▶ ASSIGNMENT: From the line that contains "Discover that there" through the last line of the data, copy everything exactly and nothing else, omitting the pictures.

▶ STORED DATA:
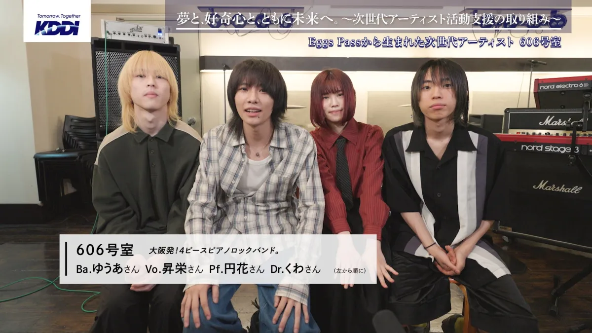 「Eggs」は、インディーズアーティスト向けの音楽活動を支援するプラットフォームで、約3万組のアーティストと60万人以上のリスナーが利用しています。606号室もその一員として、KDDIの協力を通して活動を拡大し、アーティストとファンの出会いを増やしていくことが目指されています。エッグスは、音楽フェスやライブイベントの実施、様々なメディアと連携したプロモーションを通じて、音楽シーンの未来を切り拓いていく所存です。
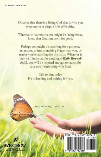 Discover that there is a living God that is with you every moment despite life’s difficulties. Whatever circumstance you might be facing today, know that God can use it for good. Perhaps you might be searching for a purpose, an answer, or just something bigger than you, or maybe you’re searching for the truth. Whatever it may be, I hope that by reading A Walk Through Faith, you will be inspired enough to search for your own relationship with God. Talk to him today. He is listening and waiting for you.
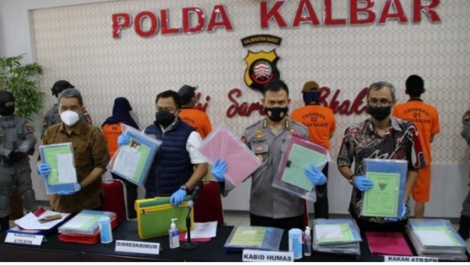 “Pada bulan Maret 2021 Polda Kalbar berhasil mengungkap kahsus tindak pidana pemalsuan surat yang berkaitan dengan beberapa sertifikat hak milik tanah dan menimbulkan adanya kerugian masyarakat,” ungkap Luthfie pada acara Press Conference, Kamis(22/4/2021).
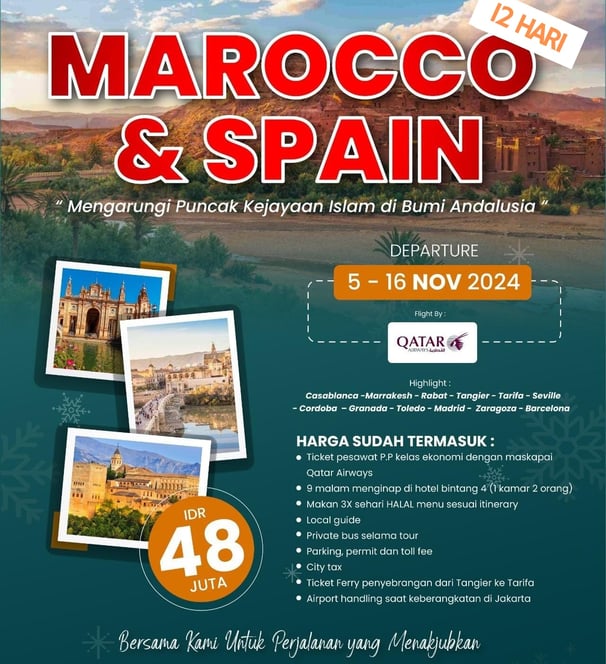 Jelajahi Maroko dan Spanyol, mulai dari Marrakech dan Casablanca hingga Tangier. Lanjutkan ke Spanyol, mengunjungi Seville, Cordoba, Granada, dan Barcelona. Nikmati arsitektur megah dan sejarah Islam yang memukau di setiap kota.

▶ RESULT FOR THIS TASK:
 Discover that there is a living God that is with you every moment despite life’s difficulties. Whatever circumstance you might be facing today, know that God can use it for good. Perhaps you might be searching for a purpose, an answer, or just something bigger than you, or maybe you’re searching for the truth. Whatever it may be, I hope that by reading A Walk Through Faith, you will be inspired enough to search for your own relationship with God. Talk to him today. He is listening and waiting for you.
 “Pada bulan Maret 2021 Polda Kalbar berhasil mengungkap kahsus tindak pidana pemalsuan surat yang berkaitan dengan beberapa sertifikat hak milik tanah dan menimbulkan adanya kerugian masyarakat,” ungkap Luthfie pada acara Press Conference, Kamis(22/4/2021).
 Jelajahi Maroko dan Spanyol, mulai dari Marrakech dan Casablanca hingga Tangier. Lanjutkan ke Spanyol, mengunjungi Seville, Cordoba, Granada, dan Barcelona. Nikmati arsitektur megah dan sejarah Islam yang memukau di setiap kota.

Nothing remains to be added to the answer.